I have several devices in the LAN side so I use the tcp syntax in the title because IIUC, “default” can’t make better when it comes to remote connections.
If I switch to quic, do I have to change my pc firewalls & gateway settings from TCP to UDP (no upnp here)?
Also, when switched to quic, is UDP 21027 still useful for LAN broadcasts or are they done over the quic/UDP port, and should “Local discovery” setting remain enabled if we wanted it before?
Do remote devices in the clusters need quic too to connect to us?
Can I use this syntax for fallback: quic://:port,tcp://:port,dynamic+https://relays.syncthing.net/endpoint? Is a whitespace required after each comma?
This is not for LAN I’d like to change, it is for WAN for better connectivity to devices that are yet set to default. My questions about LAN (21027) are only there additionally to anticipate.

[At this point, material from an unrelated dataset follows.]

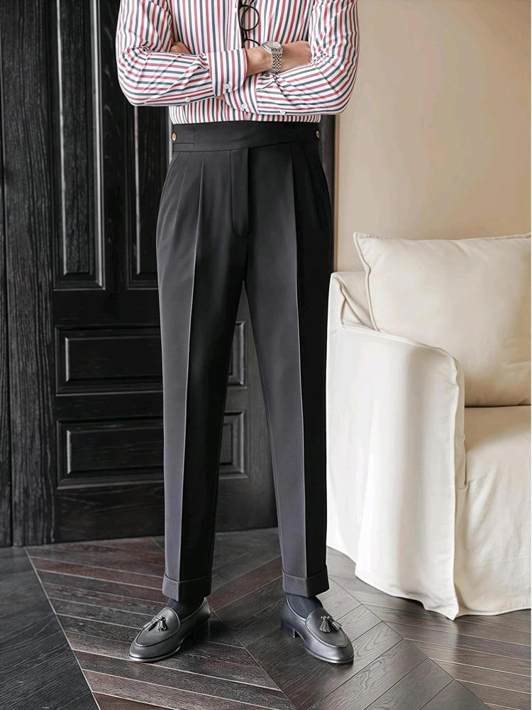Mogghal | Moneglia Ribbed Straight Fit Pleated Trousers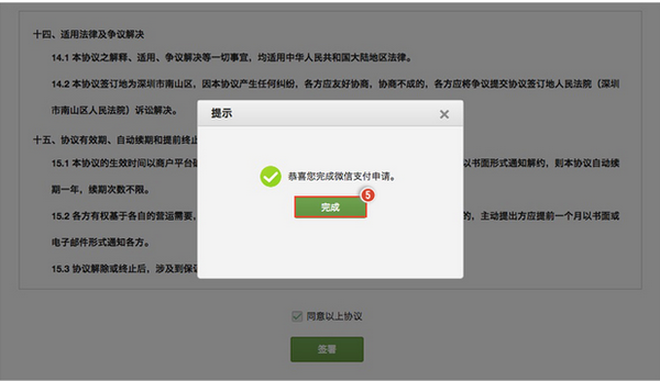 step6:登錄商戶平臺成功->賬戶設(shè)置->支付申請->簽署協(xié)議->簽署

quic is enabled by default, you don’t need to change listening/devices settings.
As to the firewall: If I understand correctly, you shouldn’t need to change anything, as quic should work also in the presence of a firewall (assuming it allows outgoing connections, which is usually the case). @AudriusButkevicius : Please correct me if wrong.
You definitely shouldn’t disable local discovery or anything else, because as I said tcp connections (e.g. everything on your lan) are still the way to go. That also applies to WAN: If you control your firewalls/routers, you should enable port forwards (or upnp) to get a tcp connection.
The point is I can’t use default (IIUC, see OP: more than 1 device on LAN side).
Maybe we’d need a separate setting only for the port, e.g default,port=22001
Do you mean this is state of the art to open a port for both tcp and udp even when the documentation clearly states only one is used? Sorry if this is a silly question but I’m far from being an expert.